Todas as noites me deitava com a certeza de que ia acabar.

Afastava-lhe os caracóis caídos sobre os olhos já fechados, beijava-lhe, numa carícia só, o canto dos lábios, para que não acordasse, e ficava ali, cabeça pendurada sobre a mão a tentar adivinhar-lhe os pensamentos que se escondiam por detrás da paz que transbordava daquele rosto adormecido.
Não sei contar quantas horas passei já assim, deitada de lado na cama, a admirar-lhe a face, enquanto me contorcia com a certeza da dor de que um dia iria acabar... Perde-se a noção do tempo com o Amor... perde-se a noção de tudo com o ciúme!
Pelo menos eu perdi!...
Não sei explicar o ciúme, defini-lo, encaixá-lo em qualquer uma das psicoses ou dos comportamentos humanos que as ciências mais ou menos esclarecidas já catalogaram. Não sei se tem graus estabelecidos, níveis descritos em latim do estilo ciumitus aguditus ou ciumens latus.
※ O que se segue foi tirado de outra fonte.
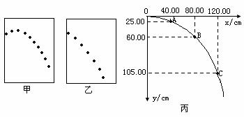如图丙所示(O点不是抛出点),x轴沿水平方向,由图中所给的数据可求出平抛物体的初速度大小是_______m/s,抛出点的坐标为x=________cm,y=__________cm。(g取10m/s2)。
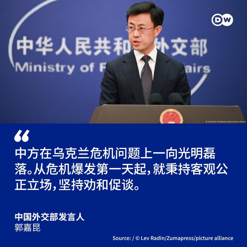在周叁的中國外交部例行記者會上,有記者就澤連斯基前壹天的說法詢問中方有何評論。外交部發言人郭嘉昆回應表示,中方在烏克蘭危機問題上“壹向光明磊落。從危機爆發第壹天起,中方就秉持客觀公正立場,堅持勸和促談,有關各方對此是清楚的。”
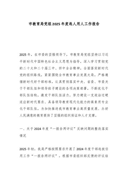 / 市教育局党组2025年度选人用人工作报告
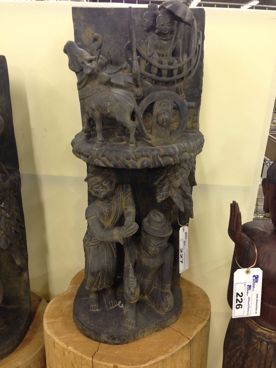 WOODEN CARVING OF 4 SOUTH ASIAN FARMERS, 36.5'' H
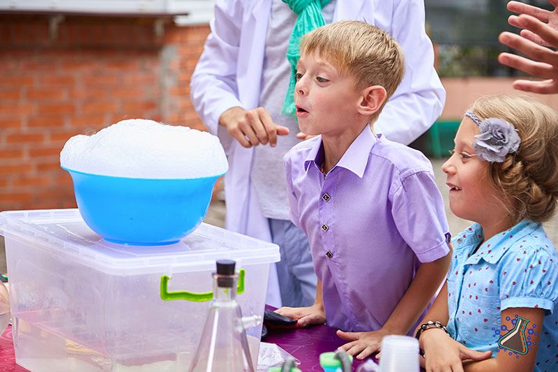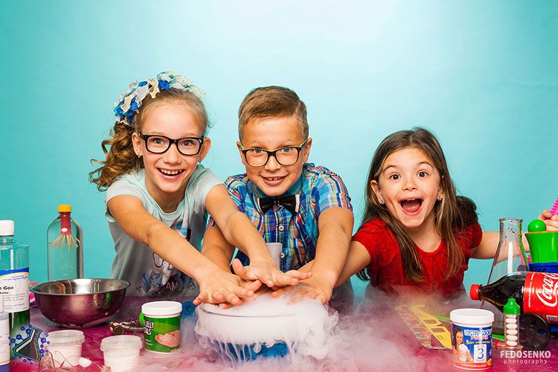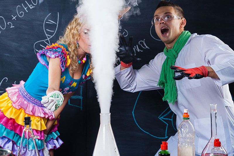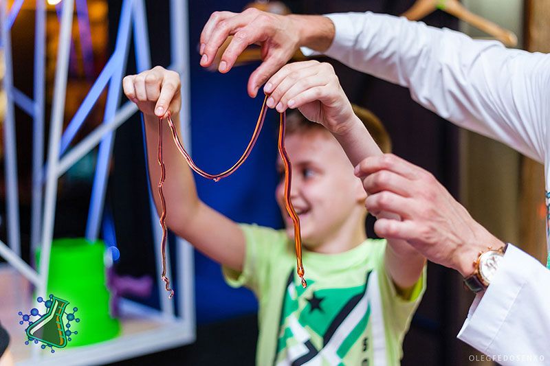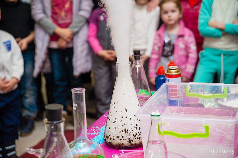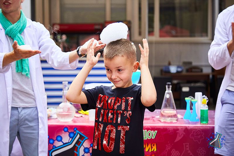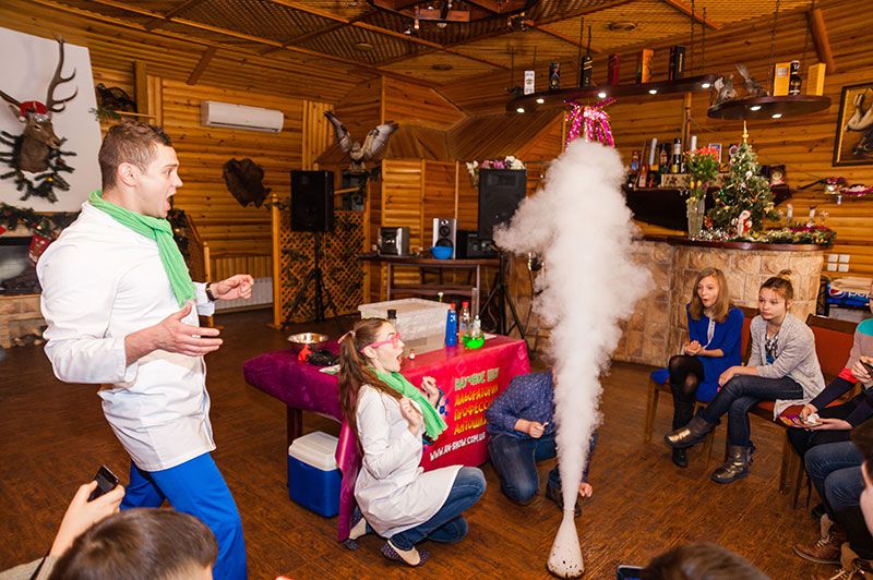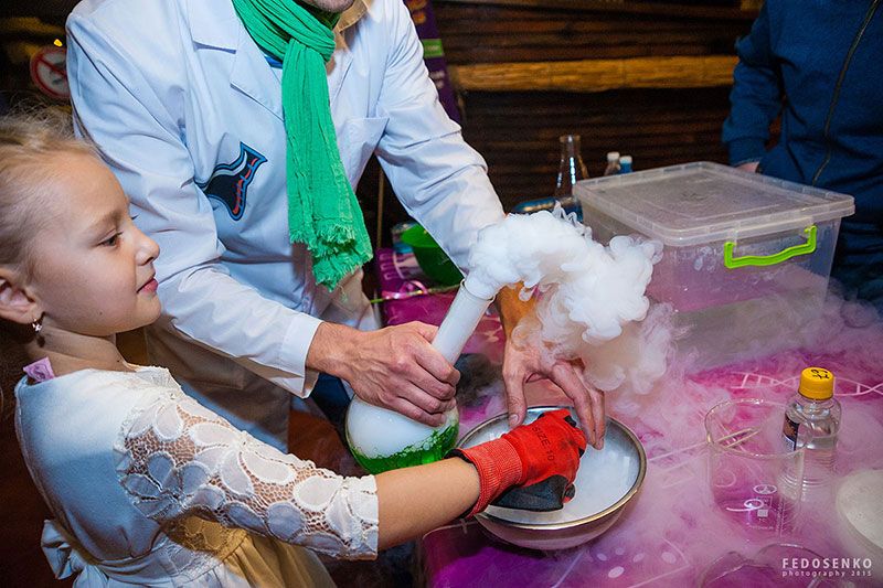 Шоу-программа, которая включает самые яркие опыты и эксперименты с сухим льдом, таинственным огнем, невидимым воздухом, полимерами, искусственным снегом, мастер-классом и настоящими химическими реакциями, а также научными подарками.
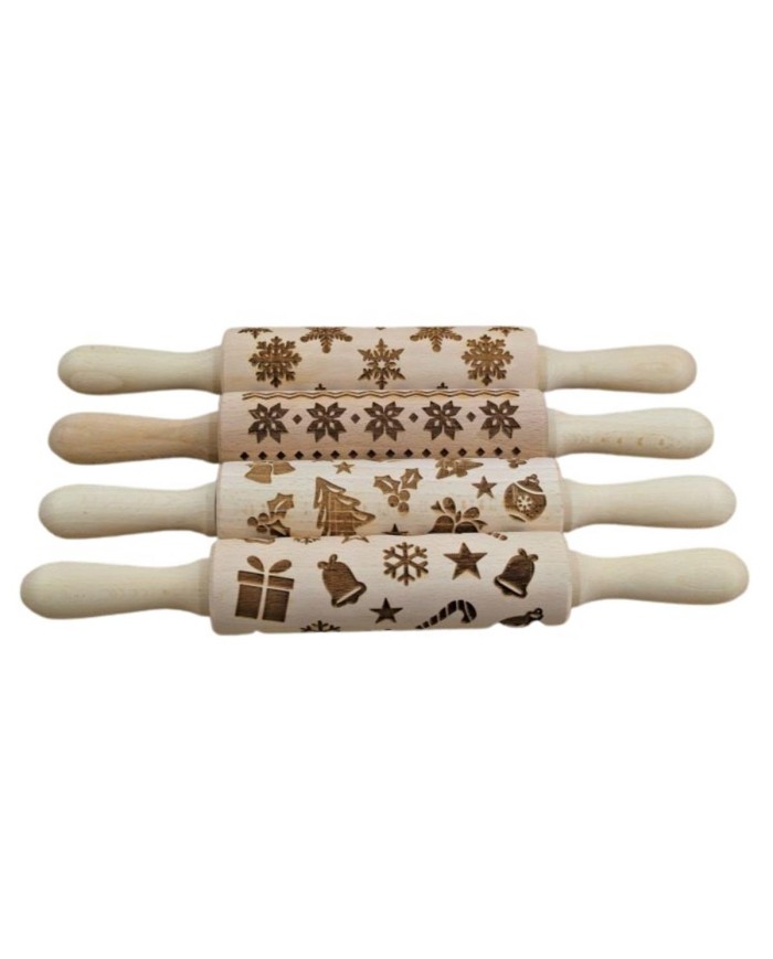 Valček na cesto drevený 33cm s gravírovaným vzorom vianoce
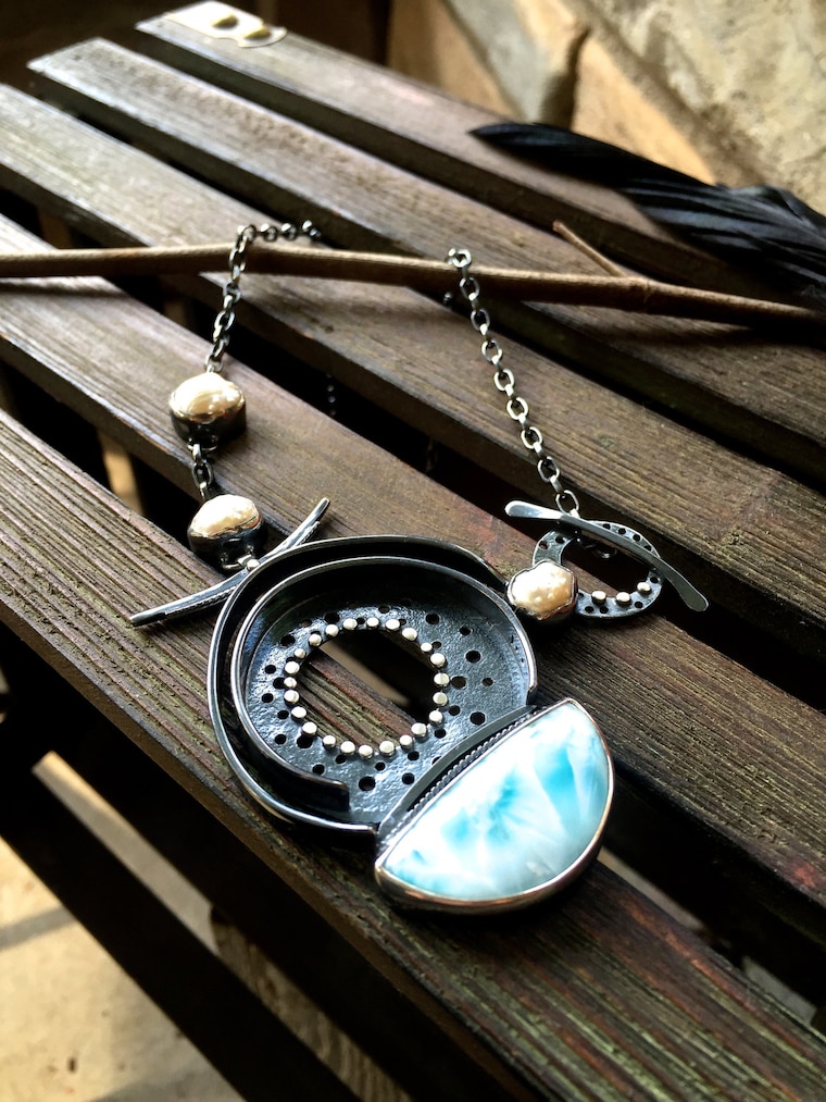 Larimar is one of my favorite stones and I love it combined with blackened silver. It creates an elegant edge. -
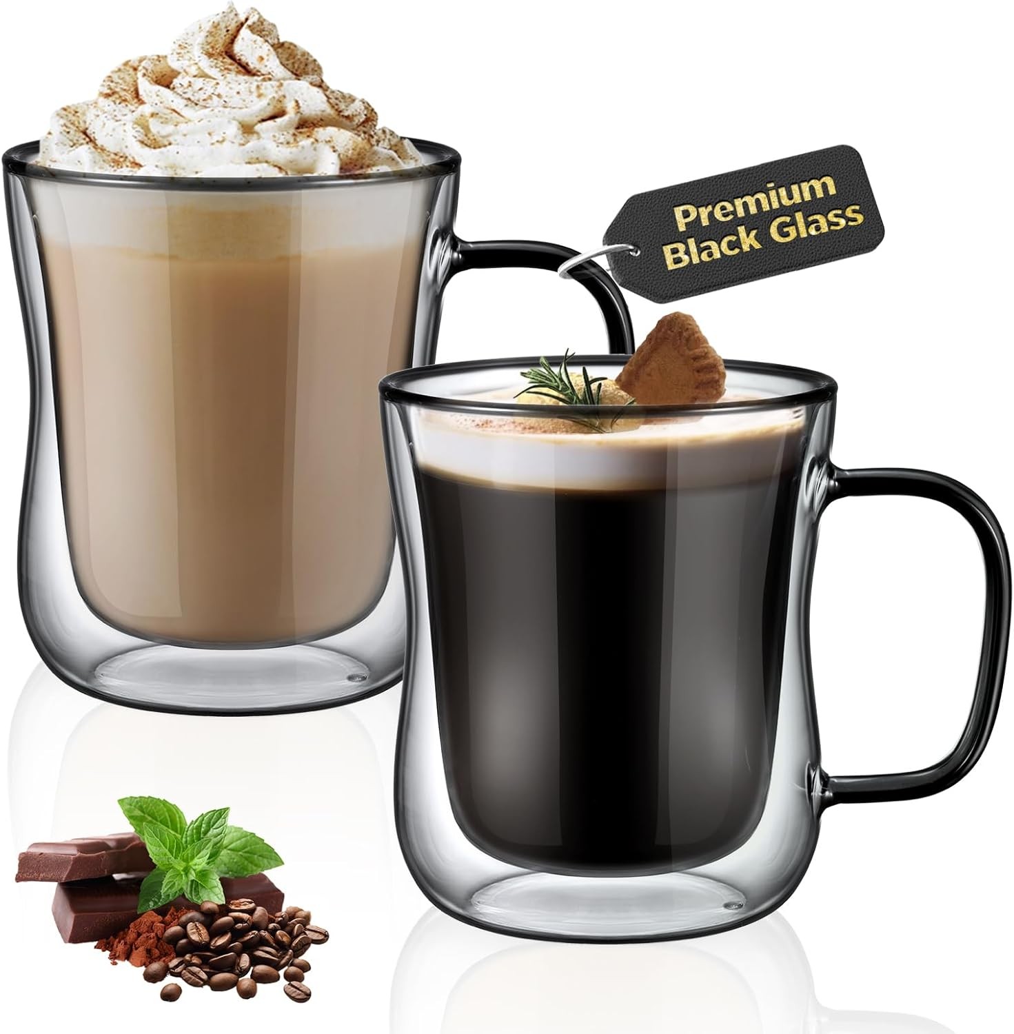 ecooe 2x350ml Unique Black Double Walled Coffee Glasses Mugs Cappuccino Latte M
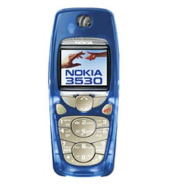 Nokia finally takes its 3000-series phones into the realm of color screens. The 3530 has less resolution and larger text than the 6610, 7210 or 6100 models. However it has a groundbreaking message counter that tracks the number of messages sent and received. Although the icons are retained in the first level of the menu, the second level has regressed a little by not displaying the entire list of second-tier submenus available to each of the first-tier menus. The material of the screen also seems to have a lower resistance to scratching. Unlike previous Nokia models, the 3530 uses translucent blue plastics for its power button and its side panels. When in use at night, the entire phone glows with the color. The 3530 has a hidden lanyard hole located beneath the power button. You can find this hole by removing the back cover and lifting one side of the power button’s rubber. Lift the side nearer to the ‘N’ in the imprinted Nokia. |
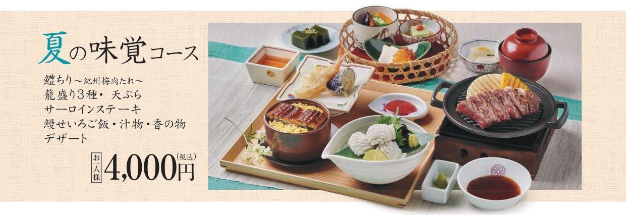 鱧ちり~紀州梅肉たれ~・籠盛り3種・天ぷら・サーロインステーキ・鰻せいろご飯・汁物・香の物・デザート(Hamo chiri with Kishu plum sauce, 3 types of basket dishes, tempura, sirloin steak, eel steamed rice, soup, pickles, and dessert)
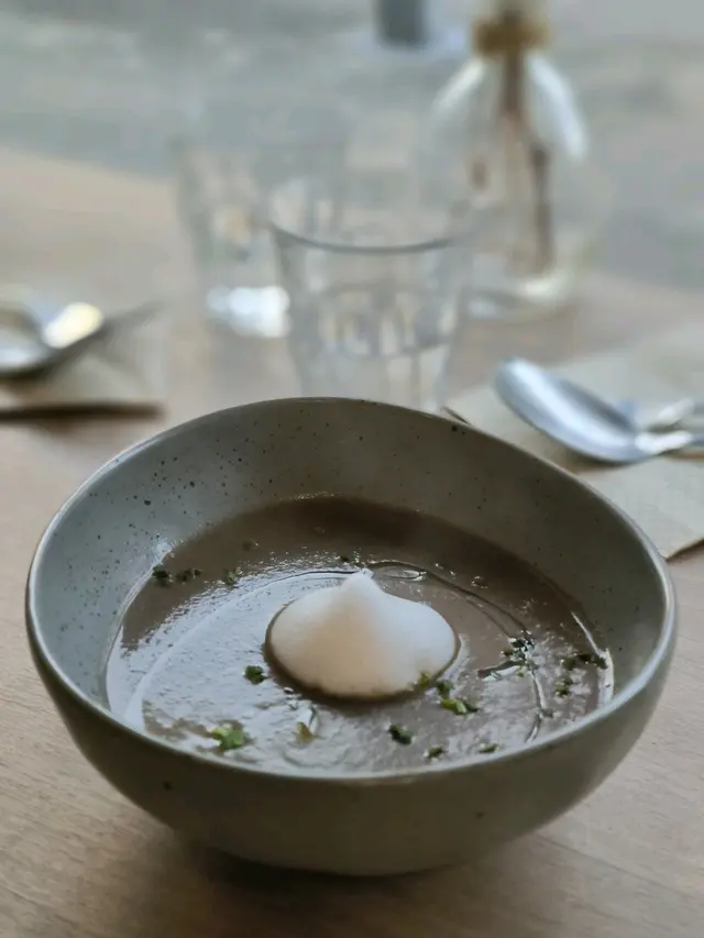 先黎栗子磨菇湯,見到栗子兩個字,我對眼已經發光。可惜冇伴麵包,有啲失望!

Conheço pouco de todos os outros seres humanos para poder aqui fazer generalizações... aliás, se bem repararem, nem sequer é algo de que se fale por aí generalizadamente na primeira pessoa, que o "Eu" é sempre perfeito e o verde do ciúme não faz pendant com o que de mais grandioso gostamos que fique dito de nós.
... E, no entanto, nunca esquecerei o desespero daquelas noites em que me invadia o mais ardente dos calafrios...
Podia dizê-lo fruto da certeza, de então, de que não era retribuído o Amor com que acariciava os lábios adormecidos à minha frente. Horas seguidas me interroguei porque razão me deitava ali nos lençóis que viviam ainda o luto de um amor abruptamente rematado (as coisas que eu escrevo: o luto de um amor... como se os Amores alguma vez morressem! Bem, mas isso dava outro blog, não vale a pena desviar o assunto, que eu já não sou mulher de poucas palavras com um tema só, quanto mais se começasse a ceder à tentação da divagação!)... O que fazia ali, perguntava-me... E desculpava-me sempre com a ideia de que não era eu que estava em posição de me afastar, que quem ama não acaba e se ela sabia que não me amava devia ser ela a terminar aquela relação em que eu já estava perdidamente envolvida ainda antes de começar. E dizia-lhe isso, pedia-lhe quase por favor para terminar comigo, e ela que não, que gostava de me ter por perto. Mas tu não me amas. Pois não amo não Sr.ª... Mas então acaba comigo... Mas eu estou bem contigo assim, se tu não estás bem tu é que tens de acabar... Mas eu estava bem... tão bem que sabia que um dia teria que acabar!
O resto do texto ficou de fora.